The hormone adiponectin is produced by white and brown adipose tissue in humans (Kershaw and Flier, 2004), rodents (Lihn et al., 2004) and nonhuman primates (Hotta et al., 2001). The adiponectin mRNA transcript (ADIPOQ) is the most abundant in adipose tissue, and the translated product is present in plasma in high concentrations (1% of protein in human plasma) (Maeda et al., 1996; Kershaw and Flier, 2004). Adiponectin has been consistently associated with regulation of insulin sensitivity, lipid metabolism, inflammation and the risk for the development of atherosclerosis (Fruebis et al., 2001; Matsuda et al., 2002; Shimada et al., 2004). Circulating adiponectin levels are low in obesity and inflammation (Bruun et al., 2003; Fernández Real et al., 2003), insulin resistance (Silha et al., 2003; Nakamura et al., 2004) and type 2 diabetes (Weyer et al., 2001), and higher concentrations of this protein are associated with improvement of metabolic abnormalities (Esposito et al., 2003).

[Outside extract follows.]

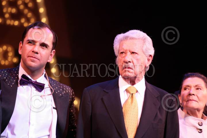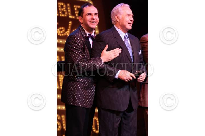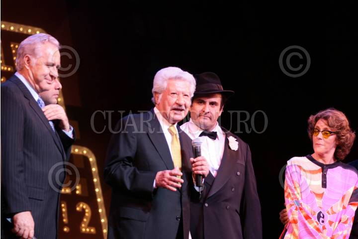 MÉXICO, D.F.19ABRIL2007.-Los actores Ignacio López Tarso, Ana Ofelia Murguia, Rogelio Guerra y Julieta Egurrola fungieron como padrinos de Alejandro Calva e Ivan Carza, durante la función especial del musical "Los Productores". FOTO JEFTÉ ARGUELLO/CUARTOSCURO.COM

Previous investigations have reported obesity and metabolic abnormalities in baboons, which resemble those observed in human obesity and the metabolic syndrome (Banks et al., 2003; Comuzzie et al., 2003) and have confirmed the value of this species as an animal model for the study of obesity-related conditions. An earlier study in our laboratory found that adiponectin levels in plasma are inversely correlated with insulin resistance in adult baboons (Tejero et al., 2004).

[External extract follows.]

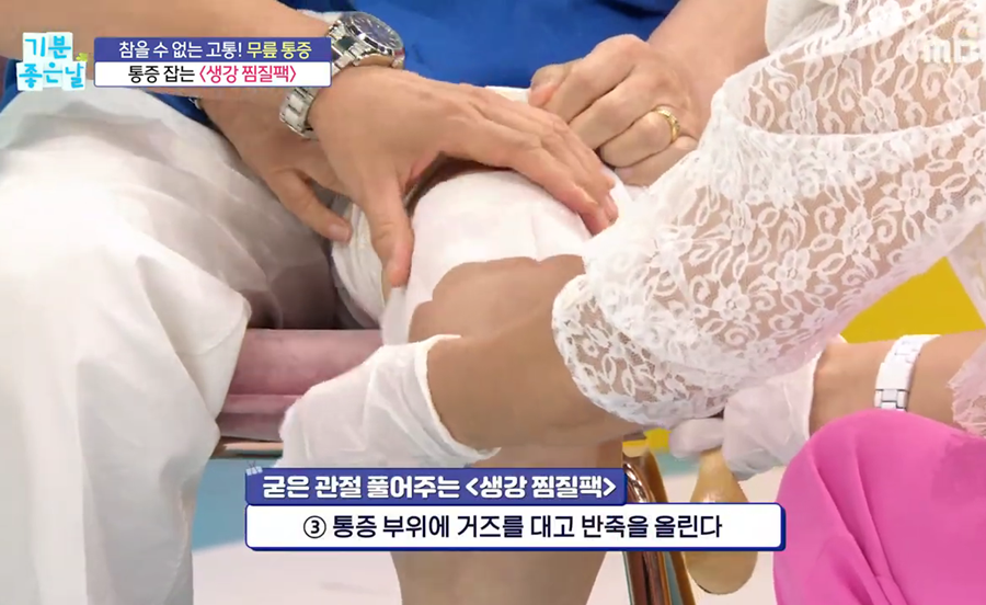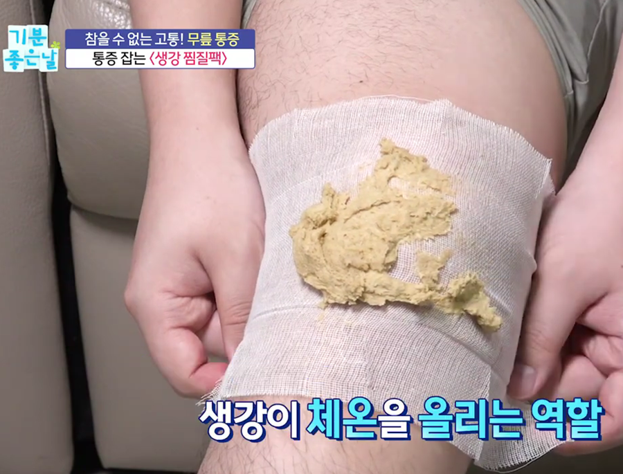 생강 200g을 곱게 갈아 면 주머니에 넣고 물 2L에 달인 후, 70℃ 정도로 식혀서 사용합니다. 면 수건을 이 생강물에 적셔 물기를 약간 짠 후, 찜질 부위에 덮고 그 위에 비닐랩과 마른 수건을 감싸 열이 새지 않도록 밀봉합니다. 1회에 10분씩, 하루 2회 정도 꾸준히 반복하는 것이 좋으며, 피부에 가려움이 느껴지면 즉시 농도를 묽게 희석해야 합니다.

Circulating levels of adiponectin are heritable (Comuzzie et al., 2001; Lindsay et al., 2003; Butte et al., 2005; Pollin et al., 2005). Genome-wide scan analyses have identified quantitative trait loci (QTL) linked to variation in adiponectin levels in several geographically and ethnically diverse human populations. Significant linkage with logarithm of odds score (LOD score) >3 has been reported on chromosomes 5, 14 (Comuzzie et al., 2001) and 11 (Tejero et al., 2007) and signals on chromosomes 10p and 3p have been replicated across different populations (Comuzzie et al., 2001; Chuang et al., 2005; Tejero et al., 2007). The present investigation conducted a genome-wide scan using adiponectin mRNA expression levels and circulating protein levels in baboons as quantitative phenotypes and explored the pleiotropy between adiponectin phenotypes and traits associated with the metabolic syndrome.

Methods

Animals

The studied sample consisted of 427 adult baboons from the pedigreed colony at the Southwest National Primate Research Center located at the Southwest Foundation for Biomedical Research at San Antonio, TX, with 130 male and 297 nonpregnant, nonlactating females. All baboons are gang-housed and fed ad libitum on a standard low-fat chow diet (Harlan Tecklad 15% Monkey Diet, 8715).

Genotypes

Baboon genomic DNA was isolated from leukocytes using a phenol–chloroform method and amplified using fluorescently labeled, published human PCR primers as described elsewhere (Cox et al., 2006). The genotyping procedure in the present study included 330 markers, consisting of short tandem repeat polymorphisms covering the autosomes and spaced at approximately 7.2-cM intervals. Genotypes were analyzed using gel electrophoresis on ABI automated sequencers and Genescan, Genotyper and Gene mapper software (Applied Biosystems, Foster City, CA, USA). Details of the latest baboon short tandem repeat polymorphism map have been previously published (Cox et al., 2006).

Phenotypes

All samples were collected after an overnight fast (12 h), with the animals under sedation with ketamine. An 8 ml sample of blood was drawn from the antecubital vein and after clotting all samples were centrifuged for 10 min at 2000 g for serum separation. The serum was then decanted and frozen at −80 °C for subsequent analyses of glucose, lipids and proteins. A 1 g biopsy of omental adipose tissue was obtained from all baboons. Biopsies were analyzed immediately for cell volume as described by Lewis et al. (1986). The remaining sample was frozen for further extraction of total RNA using Trizol Reagent (Molecular Technology, Gaithersburg, MO, USA). The RNA yield and purity were analyzed by ultraviolet spectrophotometry. Integrity of RNA was determined by electrophoresis in a 1.2% denaturant agarose gel stained with ethidium bromide. All samples were treated with DNAse (Invitrogen, Carisbad, CA, USA) for 15 min at 37 °C to eliminate traces of genomic DNA.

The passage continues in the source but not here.